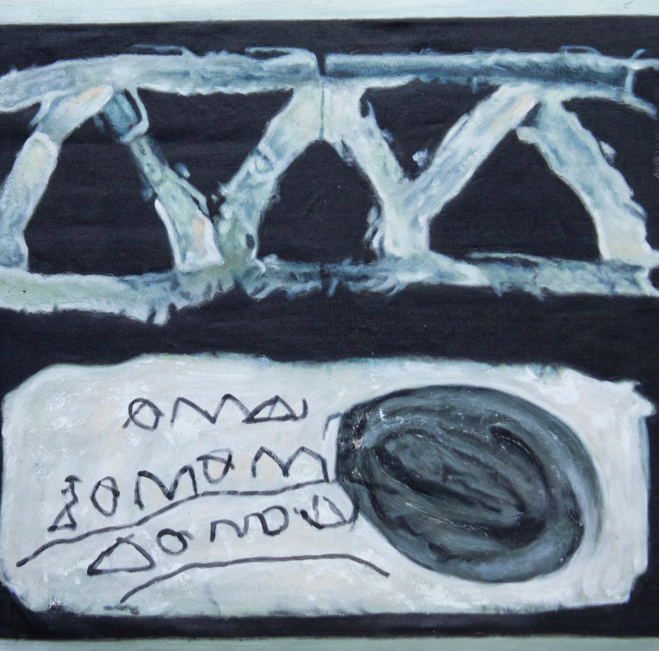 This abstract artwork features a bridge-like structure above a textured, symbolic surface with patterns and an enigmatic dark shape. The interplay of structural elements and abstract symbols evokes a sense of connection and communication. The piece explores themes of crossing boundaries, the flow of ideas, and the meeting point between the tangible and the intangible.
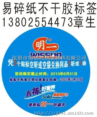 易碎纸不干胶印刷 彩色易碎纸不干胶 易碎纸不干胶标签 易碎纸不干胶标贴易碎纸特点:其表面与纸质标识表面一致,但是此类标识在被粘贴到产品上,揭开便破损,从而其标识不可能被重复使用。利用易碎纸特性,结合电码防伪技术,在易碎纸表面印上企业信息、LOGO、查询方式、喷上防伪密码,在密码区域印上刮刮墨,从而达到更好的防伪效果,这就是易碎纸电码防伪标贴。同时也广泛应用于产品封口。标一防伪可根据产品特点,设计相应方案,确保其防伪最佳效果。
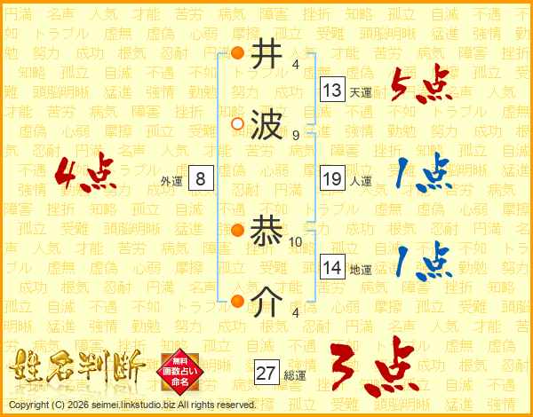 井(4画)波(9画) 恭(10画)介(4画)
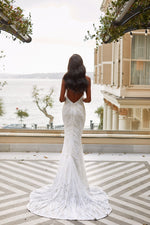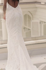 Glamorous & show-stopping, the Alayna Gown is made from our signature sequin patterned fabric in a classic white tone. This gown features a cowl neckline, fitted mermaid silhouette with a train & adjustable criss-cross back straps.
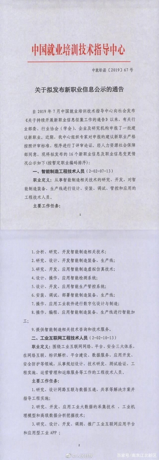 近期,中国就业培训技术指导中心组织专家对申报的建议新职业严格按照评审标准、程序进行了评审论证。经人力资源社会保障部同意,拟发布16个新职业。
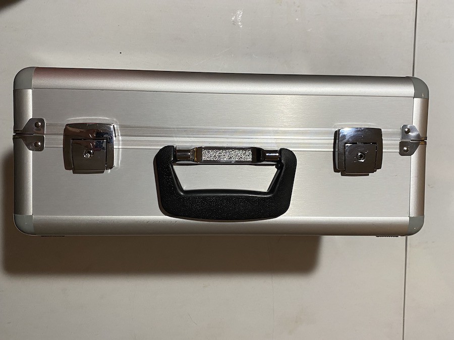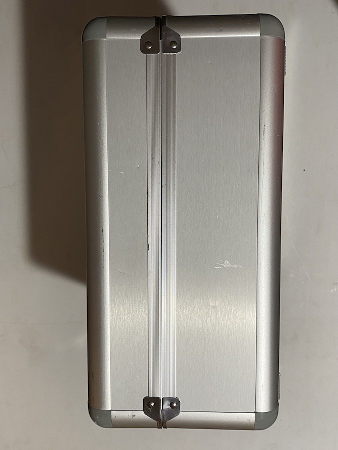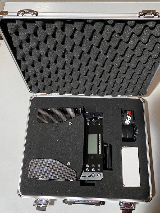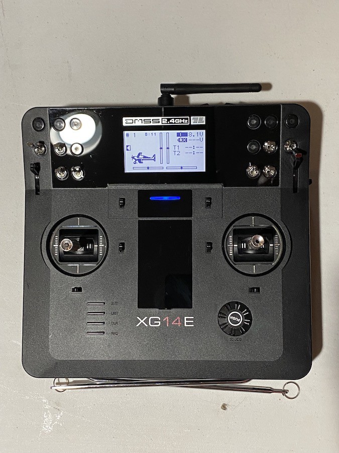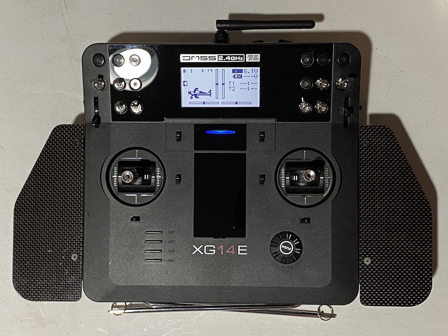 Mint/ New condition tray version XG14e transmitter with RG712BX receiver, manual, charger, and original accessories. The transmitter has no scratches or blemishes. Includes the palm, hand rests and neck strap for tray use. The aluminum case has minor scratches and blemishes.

===

> _Try it_
The job here is to write out the records exactly, pictures excluded.

> _Expected output_
 This abstract artwork features a bridge-like structure above a textured, symbolic surface with patterns and an enigmatic dark shape. The interplay of structural elements and abstract symbols evokes a sense of connection and communication. The piece explores themes of crossing boundaries, the flow of ideas, and the meeting point between the tangible and the intangible.
 易碎纸不干胶印刷 彩色易碎纸不干胶 易碎纸不干胶标签 易碎纸不干胶标贴易碎纸特点:其表面与纸质标识表面一致,但是此类标识在被粘贴到产品上,揭开便破损,从而其标识不可能被重复使用。利用易碎纸特性,结合电码防伪技术,在易碎纸表面印上企业信息、LOGO、查询方式、喷上防伪密码,在密码区域印上刮刮墨,从而达到更好的防伪效果,这就是易碎纸电码防伪标贴。同时也广泛应用于产品封口。标一防伪可根据产品特点,设计相应方案,确保其防伪最佳效果。
 井(4画)波(9画) 恭(10画)介(4画)
 Glamorous & show-stopping, the Alayna Gown is made from our signature sequin patterned fabric in a classic white tone. This gown features a cowl neckline, fitted mermaid silhouette with a train & adjustable criss-cross back straps.
 近期,中国就业培训技术指导中心组织专家对申报的建议新职业严格按照评审标准、程序进行了评审论证。经人力资源社会保障部同意,拟发布16个新职业。
 Mint/ New condition tray version XG14e transmitter with RG712BX receiver, manual, charger, and original accessories. The transmitter has no scratches or blemishes. Includes the palm, hand rests and neck strap for tray use. The aluminum case has minor scratches and blemishes.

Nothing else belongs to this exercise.